2006-12-06 Thread Andrew Donnellan

On 12/7/06, Terry Hancock [EMAIL PROTECTED] wrote:

 Does this interfere with dual licensing?

Not following this. You can't dual license unless you are the copyright
holder, and then you always can (unless you are party to an exclusive
rights contract). Sounds like this is simply a (somewhat weak) copyleft.


I think the issue is more compatibility with other licenses - this
definitely disallows it.



The requirement for fonts to
remain under this license does not apply to any document created
using the Font Software.

 [...]

 As already pointed out by Andrew Donnellan, this is vague, as the word
 document is never defined and has no unambiguous meaning.
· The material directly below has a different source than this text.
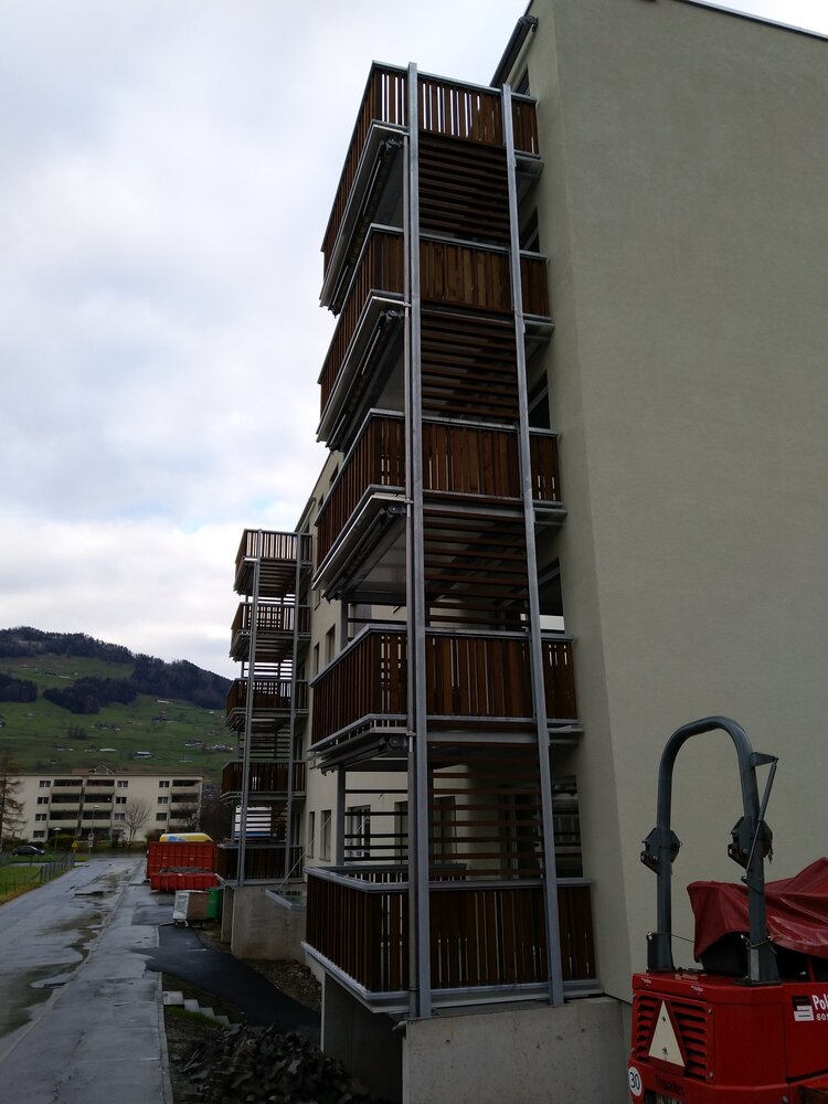 5-stöckige, gestützte Balkonanlage, Oberfläche feuerverzinkt, Balkonboden Inopan, inkl. Geländer aus feuerverzinktem Stahlrohr und Abkantwinkel mit Füllelement Holz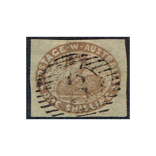 Western Australia: 1855 1s pale brown fine used with four large margins, neatly cut square, crisp 3 numeral cancel of Perth, superb. SG 4c.

This is a standard exemption for font software. It recognizes that
including a font in a document (e.g. a PDF or Postscript) file does not
cause the license to bind the document.


Yes.



This is why, for example, the GPL is a bad font license, because if read
 technically, it would force all documents written with it to be
released under the GPL, too. When people do use the GPL for a font, they
usually apply a similar additional exemption.


Yes, the FSF has their font exemption.



For font users, I would argue that document is a well-known term. It
means you can embed the font in documents that use it.



However, let's say that I write a GPL program, including the font in
it somehow. I then proceed to copy it into OOo Writer. Does this
therefore mean that I have an exemption from the copyleft? 'Document'
is not defined. Technically it could be anything text-like, including
source code. Legally it could be more difficult.